**Work required:** Repeat verbatim, and only, the lines of the data below, beginning at the line that contains "- Design details: The" and stopping after the line that contains "NFL 冠军预测今天把很多人惊讶到了,说这个 7".

**Data provided:**

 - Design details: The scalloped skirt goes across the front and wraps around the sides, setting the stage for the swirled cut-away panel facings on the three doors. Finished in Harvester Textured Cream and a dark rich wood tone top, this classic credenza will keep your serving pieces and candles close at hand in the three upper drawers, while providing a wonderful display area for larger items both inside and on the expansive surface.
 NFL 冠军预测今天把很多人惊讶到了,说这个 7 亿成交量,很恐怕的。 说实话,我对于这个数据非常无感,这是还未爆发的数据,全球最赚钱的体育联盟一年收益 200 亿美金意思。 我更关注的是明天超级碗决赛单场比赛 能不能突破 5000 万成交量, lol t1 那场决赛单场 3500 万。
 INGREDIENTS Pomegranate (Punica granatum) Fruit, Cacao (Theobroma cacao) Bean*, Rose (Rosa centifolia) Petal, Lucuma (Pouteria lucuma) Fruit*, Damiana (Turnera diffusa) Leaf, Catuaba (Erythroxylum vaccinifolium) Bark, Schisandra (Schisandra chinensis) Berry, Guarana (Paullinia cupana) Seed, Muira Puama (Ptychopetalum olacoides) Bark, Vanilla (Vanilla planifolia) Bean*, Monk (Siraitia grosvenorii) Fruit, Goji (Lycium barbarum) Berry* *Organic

* * *

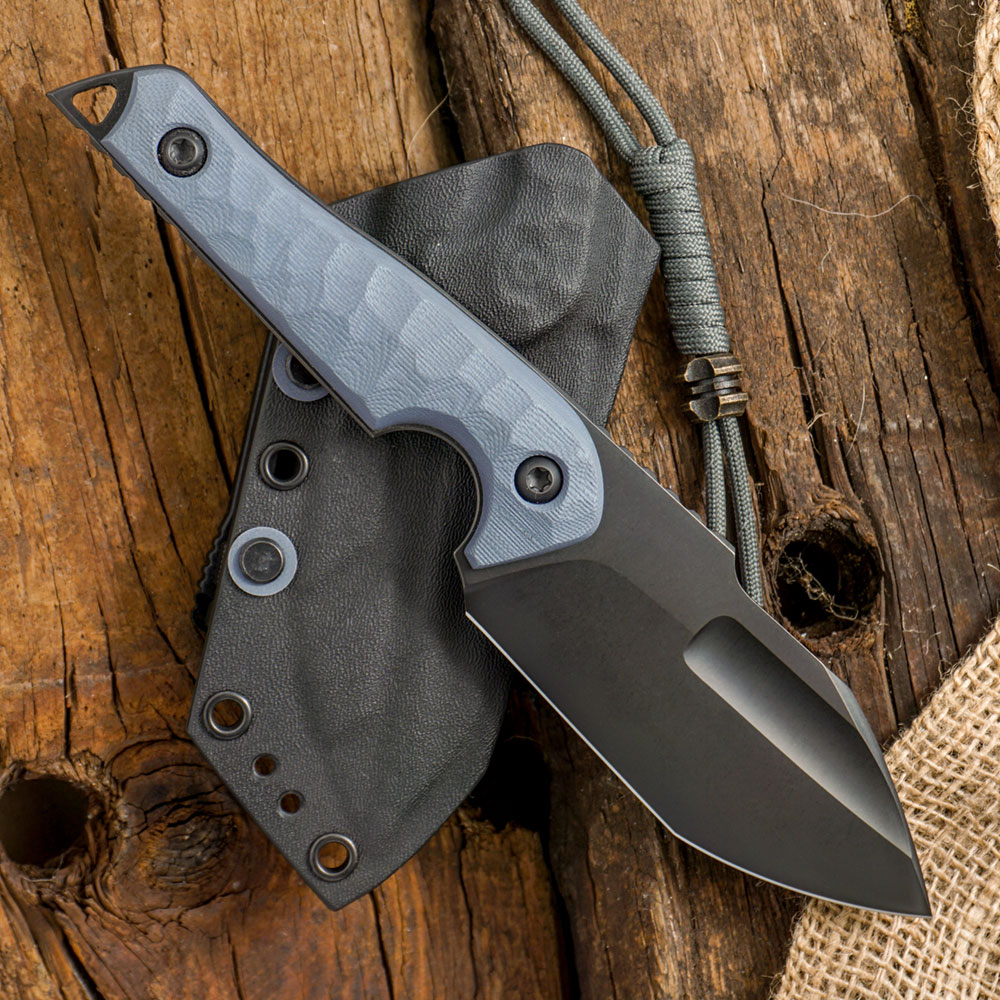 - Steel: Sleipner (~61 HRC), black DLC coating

**Answer space:**
 - Design details: The scalloped skirt goes across the front and wraps around the sides, setting the stage for the swirled cut-away panel facings on the three doors. Finished in Harvester Textured Cream and a dark rich wood tone top, this classic credenza will keep your serving pieces and candles close at hand in the three upper drawers, while providing a wonderful display area for larger items both inside and on the expansive surface.
 NFL 冠军预测今天把很多人惊讶到了,说这个 7 亿成交量,很恐怕的。 说实话,我对于这个数据非常无感,这是还未爆发的数据,全球最赚钱的体育联盟一年收益 200 亿美金意思。 我更关注的是明天超级碗决赛单场比赛 能不能突破 5000 万成交量, lol t1 那场决赛单场 3500 万。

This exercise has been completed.